With the fusion rocket approach, the infrastructure necessary to build such huge vessels and supply nuclear fuel is a fixed cost. It is not easy to estimate, but will be quite huge.

fig01

Figure 1. Scales of Starships compared with largest Earth vessels. From top, largest Earth ocean ships, Firefly, Ghost, 10 km diameter Sailship, all to scale. The ~3m Breakthrough Starshot sail is actually not visible on this scale. (Figure from Michael Lamontagne).

The concept that Freeman Dyson originally proposed, using nuclear materials out of the nuclear arsenals to make explosives to drive starships, is a bit out of date now. As you can see in figure 2, the Cold War adversaries have been radically reducing the warheads they have, the rapid progress beginning during the Reagan-Gorbachev era. The Nunn-Lugar Cooperative Threat Reduction program deactivated more than 7,600 nuclear warheads. Highly enriched uranium contained in them was made into commercial reactor fuel which was purchased by the U.S. Few Americans realize that during the last several decades a fair amount of the electrical power the United States was generated by burning up Russian nuclear materials in fission power reactors!

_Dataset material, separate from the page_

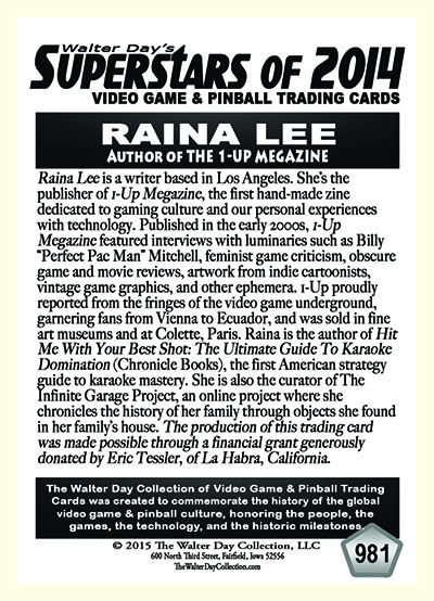 Raina Lee is a writer based in Los Angeles. She’s the publisher of 1-Up Megazine, the first hand-made zine dedicated to gaming culture and our personal experiences with technology. Published in the early 2000s, 1-Up Megazine featured interviews with luminaries such as Billy “Perfect Pac Man” Mitchell, feminist game criticism, obscure game and movie reviews, artwork from indie cartoonists, vintage game graphics, and other ephemera. 1-Up proudly reported from the fringes of the video game underground, garnering fans from Vienna to Ecuador, and was sold in fine art museums and at Colette, Paris. Raina is the author of Hit Me With Your Best Shot: The Ultimate Guide To Karaoke Domination (Chronicle Books), the first American strategy guide to karaoke mastery. She is also the curator of The Infinite Garage Project, an online project where she chronicles the history of her family through objects she found in her family’s house. The production of this trading card was made possible through a financial grant generously donated by Eric Tessler, of La Habra, California.

There are now a few thousand nuclear explosives compared to the hundred thousand at the peak of the Cold War.

fig02

Figure 2: History of Nuclear Stockpiles.

Conclusion

Beam-driven propulsion is more firmly grounded and credible than nuclear fusion propulsion, as in Project Icarus. Fusion rockets remain far-term, distant on a timescale of decades, if not centuries. In today’s funding environment, that’s not likely to change: Due to Starshot, sails are becoming near-term.